Given Brown's resignation, and the apparant likelihood of an anti-Tory coalition, everything is now uncertain. In order to have a majority, a coalition would need pretty much all of the smaller parties in addition to Labour and the Liberal Democrats. A government like that has not been seen since the Second World War, and bears more similarity to those in continental Proportional Representation systems than to a First Past the Post system. Which is apt, because one of the first moves of such a government would be to take the first steps towards reformation of the voting system.

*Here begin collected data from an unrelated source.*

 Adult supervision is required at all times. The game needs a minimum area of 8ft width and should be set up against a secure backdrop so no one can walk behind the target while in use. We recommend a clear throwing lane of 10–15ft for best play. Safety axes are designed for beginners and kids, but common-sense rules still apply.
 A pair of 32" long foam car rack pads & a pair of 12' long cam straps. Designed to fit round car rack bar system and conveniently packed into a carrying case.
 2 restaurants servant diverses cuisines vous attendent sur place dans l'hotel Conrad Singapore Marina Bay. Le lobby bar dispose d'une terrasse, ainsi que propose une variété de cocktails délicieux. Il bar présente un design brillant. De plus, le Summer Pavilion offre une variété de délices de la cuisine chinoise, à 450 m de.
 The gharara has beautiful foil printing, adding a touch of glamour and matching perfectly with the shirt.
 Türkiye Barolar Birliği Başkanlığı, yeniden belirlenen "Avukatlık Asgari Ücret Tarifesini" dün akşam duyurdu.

If the next election features a Proportional Representation system, it will most likely deny the Tories a chance of government. Why? Because they have conclusively demonstrated an inability to cooperate with other parties. I personally think that it's the party attitude which is at fault. Conservatives do not share. They look out for them and theirs, and the public face of their entreaties to the Lib Dems have shown just that. Cameron's speech about a "big, open, comprehensive offer" to them in fact offered next to nothing. He would not waver on the economy, Europe, voting reform, or Trident. Labour, on the other hand, would give them compromise on 2 or 3 of those.
If this coalition happens (and it is by no means certain yet) then the reason that Cameron will be denied government will be that he cannot put the country ahead of his own ambitions. He has left the country effectively without a government for days whilst he squabbled over this. Gordon Brown has shown true statesmanship by watching the wheel of the ship whilst he gives the Tories a chance to form a government. And now that they are failing to reach that compromise, he has made his own, even with his own resignation. It shows a level of maturity far beyond anything the Conservatives have shown, and I think should be applauded. Particularly the dignity of his resignation speech. It's a real shame that he has been forced into this. He was a true politician, who put the responsibilities he carried before all else. He might not have been perfect, but I think that he has done the Labour party and the country proud.

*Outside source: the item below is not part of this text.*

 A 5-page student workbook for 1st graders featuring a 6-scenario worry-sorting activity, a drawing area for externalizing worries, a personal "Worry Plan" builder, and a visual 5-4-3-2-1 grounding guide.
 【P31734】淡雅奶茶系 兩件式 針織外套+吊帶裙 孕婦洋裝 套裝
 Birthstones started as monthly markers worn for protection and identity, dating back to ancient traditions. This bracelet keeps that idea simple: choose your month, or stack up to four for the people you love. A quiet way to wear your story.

Coalition can work. Labour and the Liberal Democrats are showing that. The Tories doom and gloom over a hung parliament has been scaremongering from the off, and merely a manifestation of their selfish attitude. A Lib-Lab coalition is perfectly legitimate; it would have more than 50% of the vote. The new Labour party leader as PM is perfectly legitimate. This is a parliamentary democracy. We vote for representatives, not Prime Ministers. Leadership is an issue for the parties. Cameron has shown he cannot cooperate and compromise with other parties, ergo he has proved himself unfit to government in a hung parliament situation. And all he needed to offer was a referendum on electoral reform. No commitment to back it, just the referendum.
The Lib-Lab coalition might not happen, but this most honourable move by Gordon Brown has shown up the Tories selfishness. They will either up their game and compromise with the Lib Dems, or they will not enter Number 10.
Well, he campaigned for change. That might be just what David Cameron gets. We might just be on the edge of the biggest constitutional change in this country since the Magna Carter.